El triunfo de la tendencia descendente no necesariamente aparecerá como una disminución numérica absoluta de las empresas medianas. Debe aparecer, primeramente, como un aumento progresivo del capital mínimo indispensable para el funcionamiento de las empresas de las viejas ramas de producción; en segundo lugar, en la disminución constante del intervalo de tiempo durante el cual los pequeños capitalistas tienen la oportunidad de explotar las nuevas ramas de la producción. El resultado, en lo que concierne al pequeño capitalista, es la duración cada vez más breve de su permanencia en la nueva industria y un cambio progresivamente más rápido en los métodos de producción como campo para la inversión. Para los estratos capitalistas medianos en su conjunto hay un proceso cada vez más rápido de asimilación y desasimilación social. […]

¿Qué significa, en última instancia, el fenómeno económico de la sociedad por acciones? Representa, por un lado, la unificación de una cantidad de fortunas pequeñas en un gran capital para la producción. Representa, por otro, la separación de la producción de la posesión capitalista. Es decir, denota que se le ha ganado una doble victoria al modo capitalista de producción: pero todavía sobre bases capitalistas.
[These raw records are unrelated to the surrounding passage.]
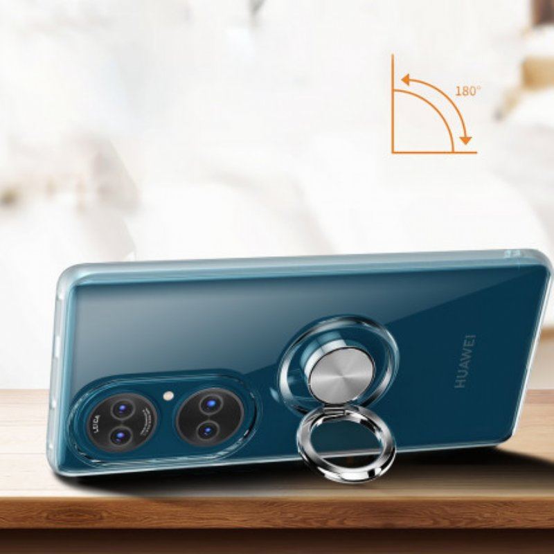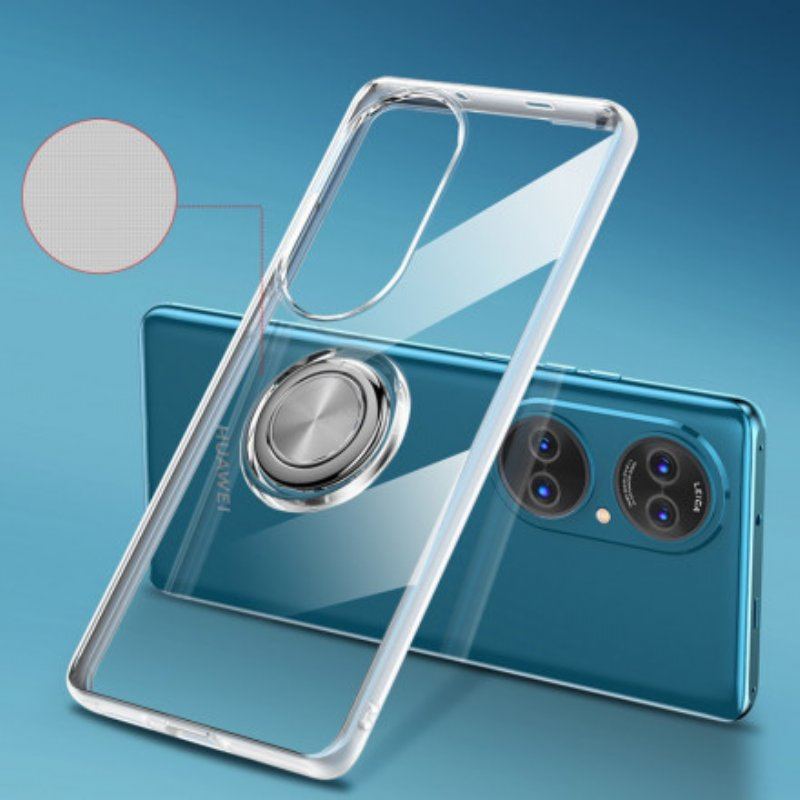 Enkelt Transparent Skal, Med Metallstödring, Skyddar Huawei P50 Samtidigt Som Du Bär Den På Fingret.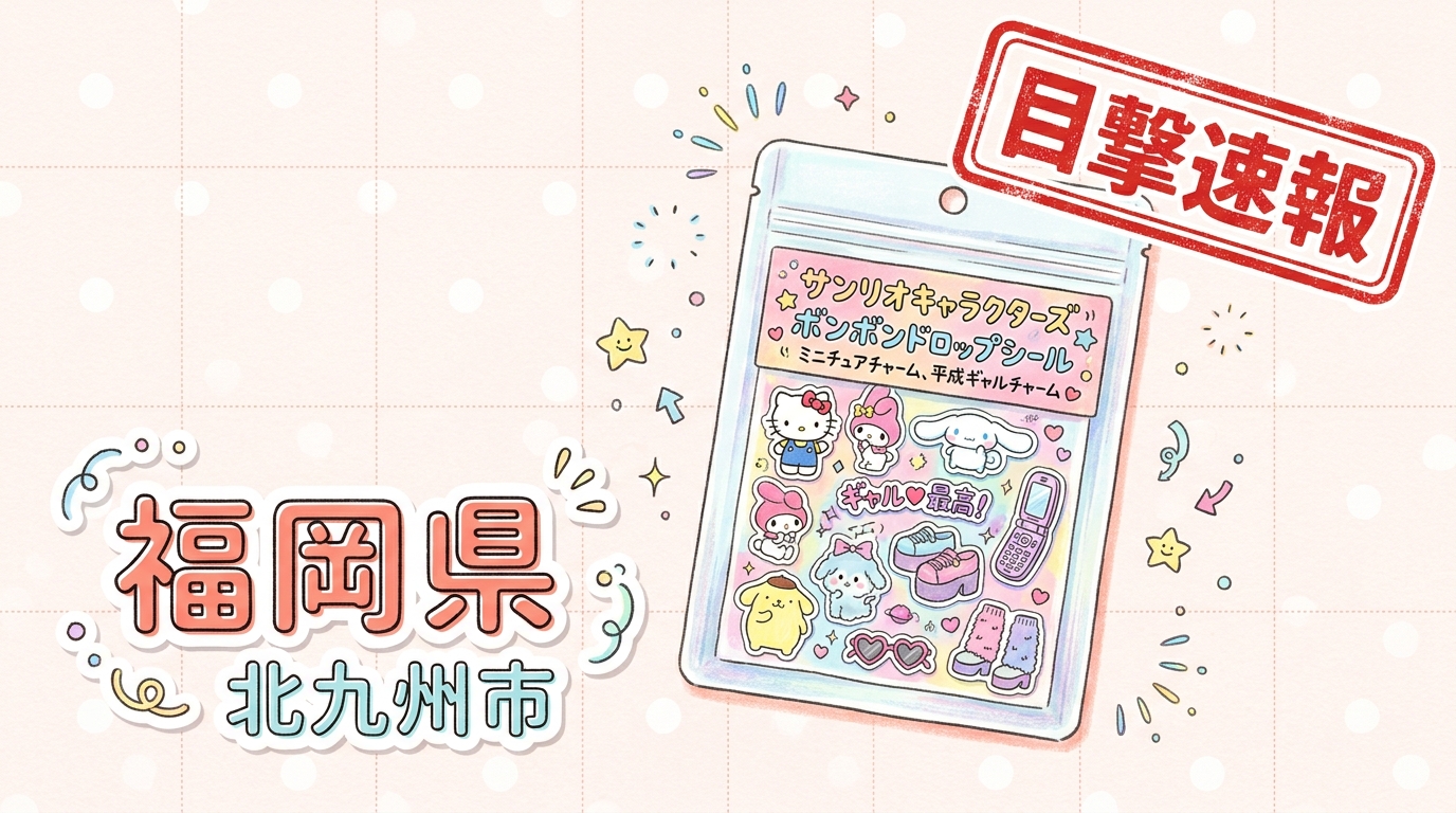- 内容: サンリオキャラクターズ ボンボンドロップシール ミニチュアチャーム、平成ギャルチャームが販売されていたとの報告あり。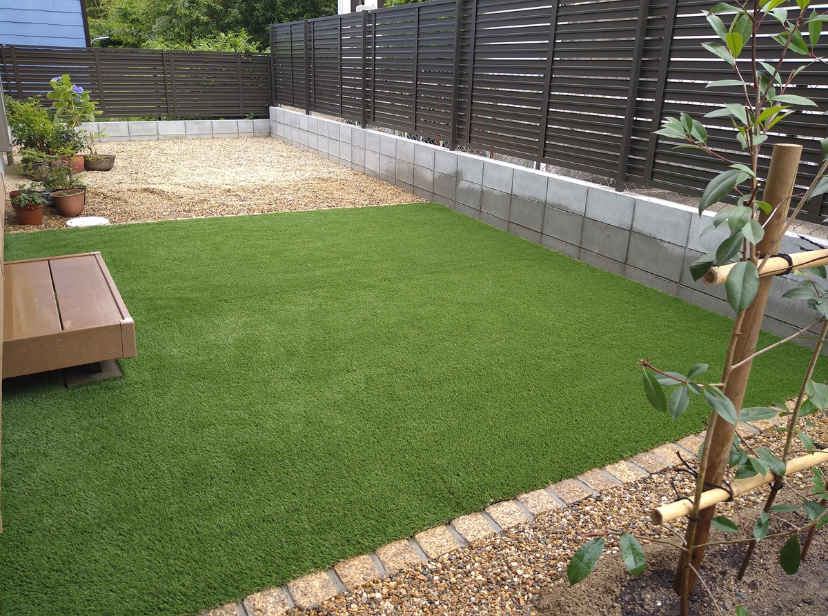 人工芝を奈良県生駒市で施工しました。 (15㎡)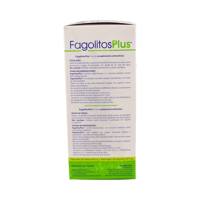 Cada sobre de FagolitosPlus contiene los siguientes ingredientes activos: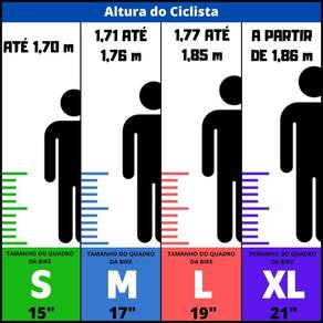Altura do ciclista: 1,85 até 1,90m ou mais Tamanho de quadro 21"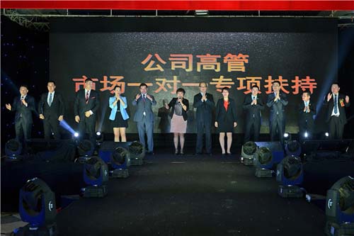 毛淑华女士代表富迪公司管理团队在本次表彰大会上正式宣布推行市场一对一专项扶持政策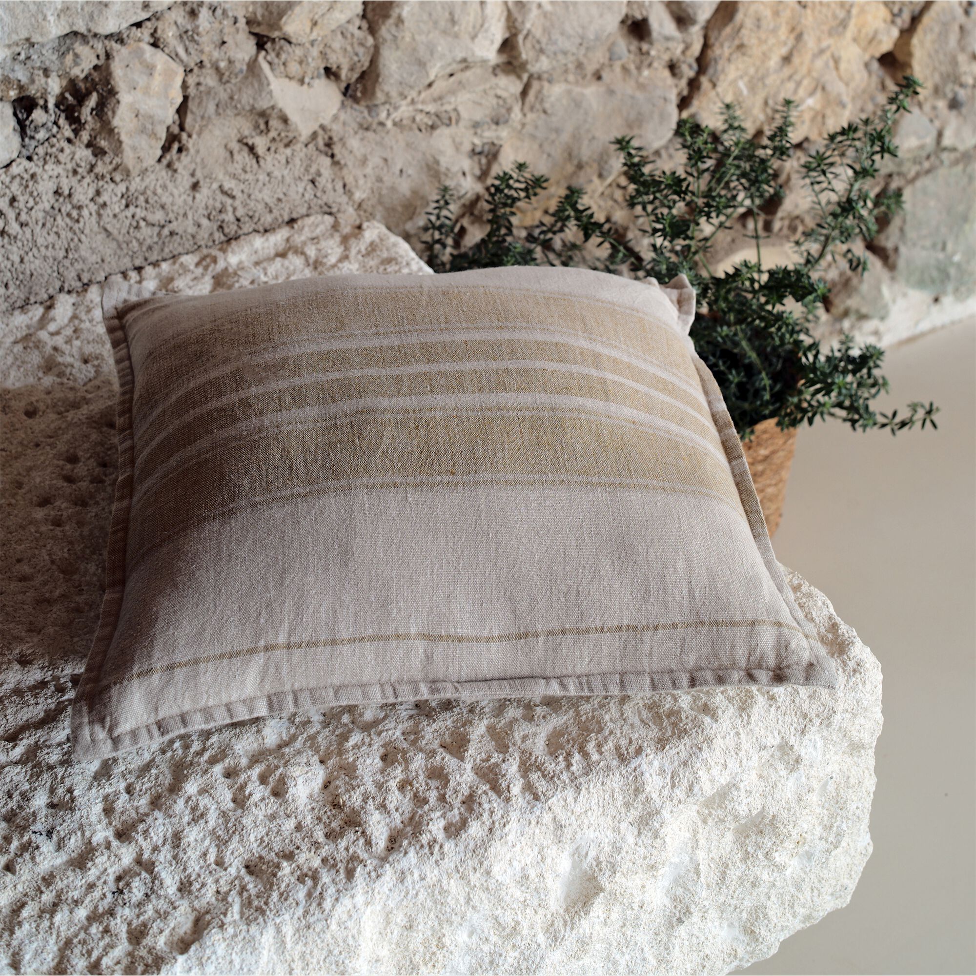 LAURET - Coussin rayé en lin 45x45cm - jaune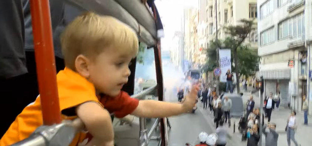 Otobüsün hareketlenmesi sonrası kafile Tarlabaşı Bulvarı üzerinden Taksim, Osmanbey, Şişli, Mecidiyeköy ve Büyükdere Caddesi güzergahından geçerek RAMS Park’a ulaşmaya çalıştı. Yolculuk sırasında yolu kapatan, otobüsün yanından otomobil ve motosikletlerle bayrak sallayarak geçen ve yaya olarak futbolcuları selamlayan on binlerce Galatasaraylı taraftar İstanbul’un dört bir yanını sarı-kırmızı renge boyadı.

¿Qué significan, pues, las estadísticas que cita Bernstein, según las cuales un número creciente de accionistas participan en las empresas capitalistas? Las estadísticas demuestran, precisamente, esto: en la actualidad una empresa capitalista no corresponde, como antes, a un único propietario de capital sino a una serie de capitalistas. En consecuencia, la noción económica de «capitalista» ya no corresponde a un individuo aislado. El capitalista industrial de hoy en día es una persona colectiva, compuesta de cientos, inclusive miles de individuos. La categoría de «capitalista» se ha vuelto una categoría social. Se ha «socializado», en el marco de la sociedad capitalista.
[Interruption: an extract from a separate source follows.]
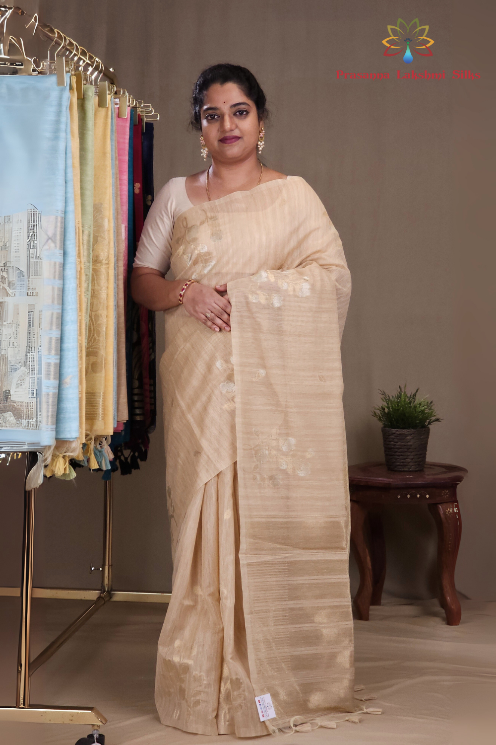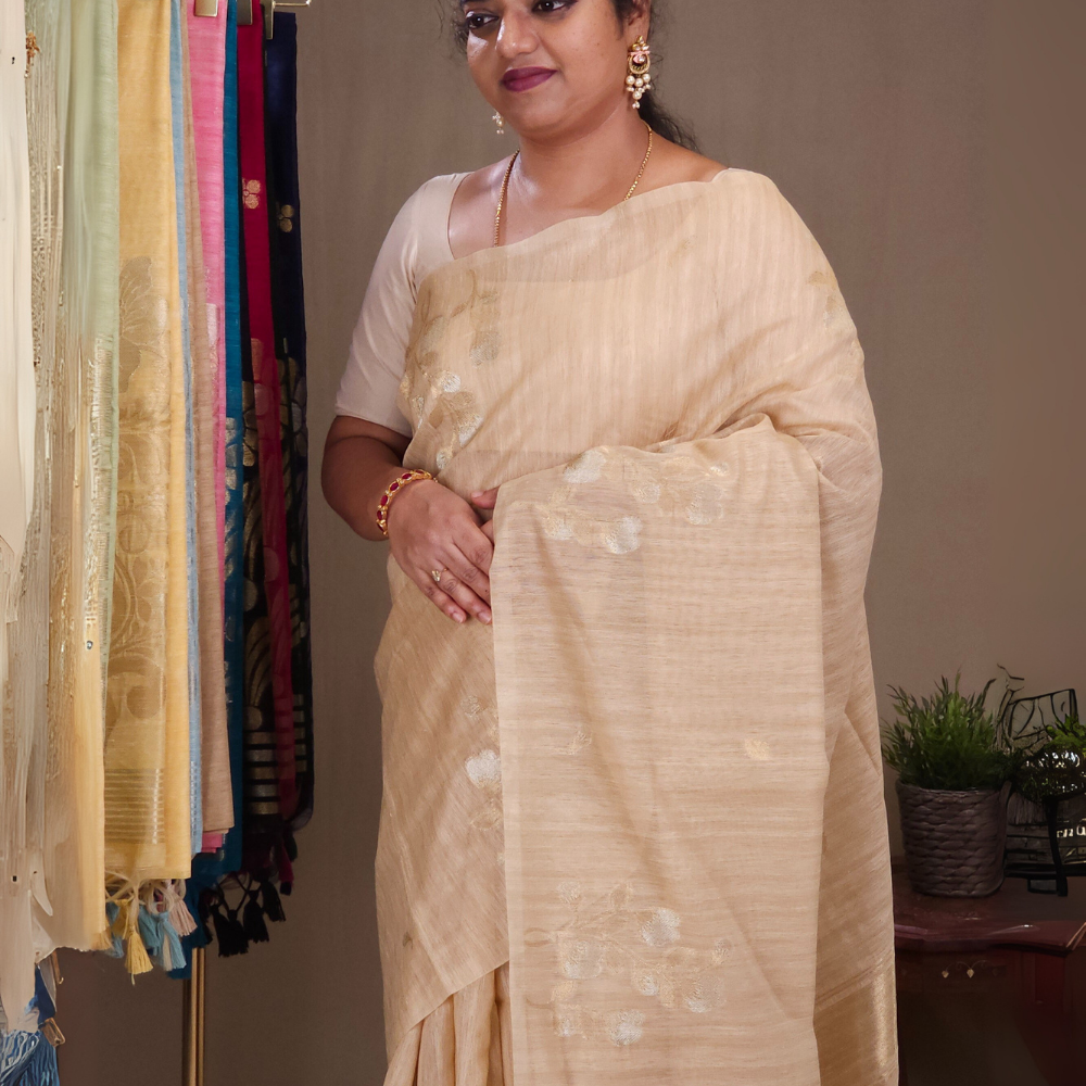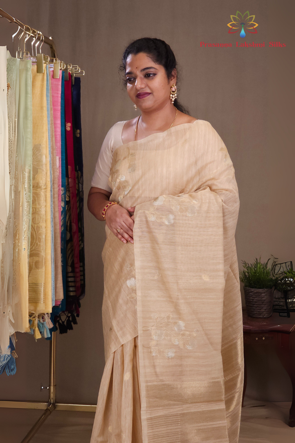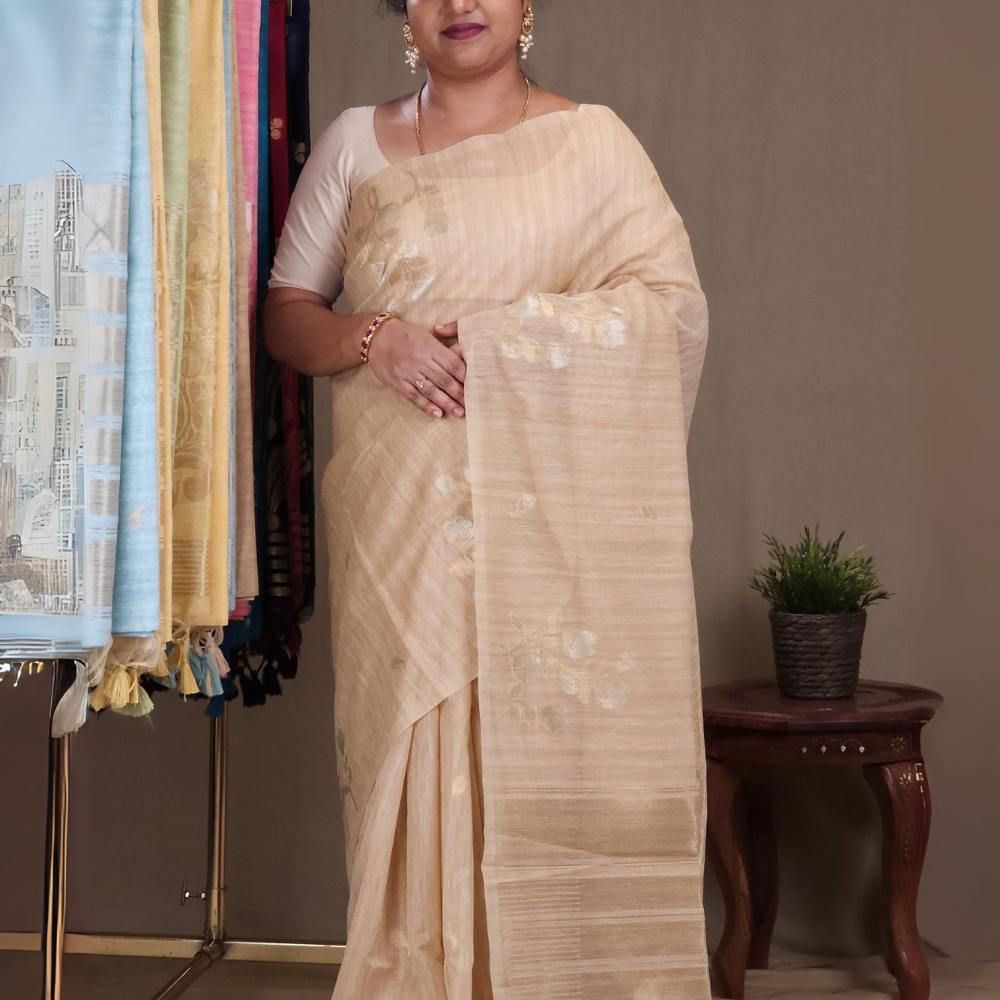 Experience the elegance of our Chanderi Dupion saree, allover gold and silver floral zari motifs , gold brocade pallu with tassels paired with running blouse....

Rosa Luxemburgo. Reforma o revolución, 1901

Conforme nos acerquemos primero y nos sumerjamos después en la decadencia capitalista, la pequeña burguesía tendrá una supervivencia más difícil en el mercado. Una parte no desdeñable tendrá reconvertirse en «clase gestora», «profesional»… y funcionarial, aprovechando el siguiente paso adelante de esa socialización del capitalista como clase que es el capitalismo de estado. Pero incluso ésta ha sufrido y sufre brutalmente la proletarización con cada avance del desarrollo tecnológico. No hacen falta legiones de «managers» para gestionar una fábrica robotizada. Los asesores financieros y los médicos son cada vez más trabajadores asalariados que operan una maquinaria especializada que nunca podrían comprar con su salario. La irrupción de negocios financieros como Uber en sectores marginales en volumen como el taxi arañan y amenazan los reductos aparentemente más sólidos de la pequeña burguesía.

También en su versión a pie de mercado, la pequeña burguesía será arrancada de su suelos más característicos -como el comercio de proximidad- con saña por los capitales sobreacumulados necesitados de ocupaciones rentables aunque sea en «nichos». Aunque renacerá con cada innovación tecnológica una y otra vez… se verá irremediablemente segada como la yerba por la guadaña de los grandes capitales. Y lo que es más importante: lo será cada vez más cerca del origen. Ese es el significado de la institucionalización del «capital riesgo» y la industria de creación de «start ups». El punto en el que el «emprendedor» se convierte de propietario-productor de su propia empresa a funcionario-gestor de una colocación para el capital financiero excedentario, dispuesto a especular con la empresa como un todo, se coloca ya en lo que los manuales de «emprendimiento» llaman el paso «de la idea de negocio a la realidad».